Overall, 25 high-quality studies were retrieved. Meta-analyses showed that carbapenem/multidrug-resistant AB isolation was associated with previous exposure to aminoglycosides, carbapenems, third-generation cephalosporines, glycylcyclines, and nitroimidazoles. Increased risk of isolation of carbapenem/multidrug-resistant AB isolation vs carbapenem/antibiotic-susceptible AB was shown for prior exposure to aminoglycosides, antipseudomonal penicillins, carbapenems, fluoroquinolones, glycopeptides, and penicillins.

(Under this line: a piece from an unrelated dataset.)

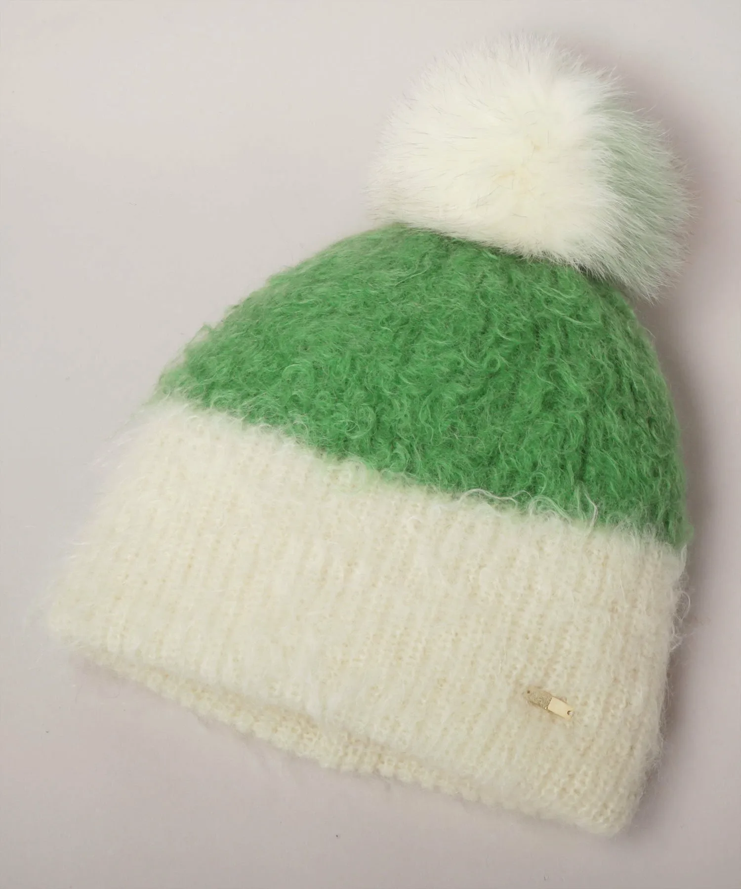 Большой помпон из лисьего меха производит сильное впечатление. Двухцветная основа создает элегантный вид.

Third-generation cephalosporin exposure increased the risk of extensively drug-resistant AB isolation vs non-isolation.

CONCLUSION

This systematic review clarifies the role of antibiotic use in antibiotic-resistant AB spread in ICUs, although for some antibiotic classes the evidence is still uncertain due to the small number of adjusted analyses, methodological and reporting issues, and limited number of studies. Future studies need to be carried out with standardized methods and appropriate reporting of multivariable models.

摘要

背景

鲍曼不动杆菌(AB)对重症监护病房(ICU)的危重症患者构成重大威胁。尽管文献中有抗生素暴露与耐药 AB 之间关联的报道,但 ICU 患者的证据综合仍存在不足。

目的

总结抗生素暴露与 ICU 患者耐药 AB 发生之间关联的证据。

方法

在线数据库检索提供相关关联数据的队列研究和病例对照研究。比较碳青霉烯/多药耐药 AB 分离株与非分离株;碳青霉烯/多药耐药 AB 与碳青霉烯/抗生素敏感 AB 比较;广泛耐药 AB 分离株与非分离株比较。每一种比较都按抗生素类别进行受限最大似然随机效应荟萃分析,估计汇总比值比(ORs)。根据研究设计、结局类型和关联测量调整进行分层荟萃分析。

发现

共检索到 25 项高质量研究。荟萃分析显示,碳青霉烯/多药耐药 AB 分离株与先前接触氨基糖苷类、碳青霉烯类、第三代头孢菌素类、甘氨环素类和硝基咪唑类药物有关。与碳青霉烯/抗生素敏感 AB 相比,先前接触氨基糖苷类、抗假单胞青霉素类、碳青霉烯类、氟喹诺酮类、糖肽类和青霉素类药物与分离出碳青霉烯/多药耐药 AB 分离株的风险增加有关。第三代头孢菌素类药物暴露增加了广泛耐药 AB 分离株与非分离株相比的风险。

结论

本系统评价阐明了抗生素使用在 ICU 中抗生素耐药 AB 传播中的作用,尽管对于某些抗生素类别,由于调整分析数量较少、方法学和报告问题以及研究数量有限,证据仍然不确定。未来的研究需要采用标准化方法和适当报告多变量模型进行。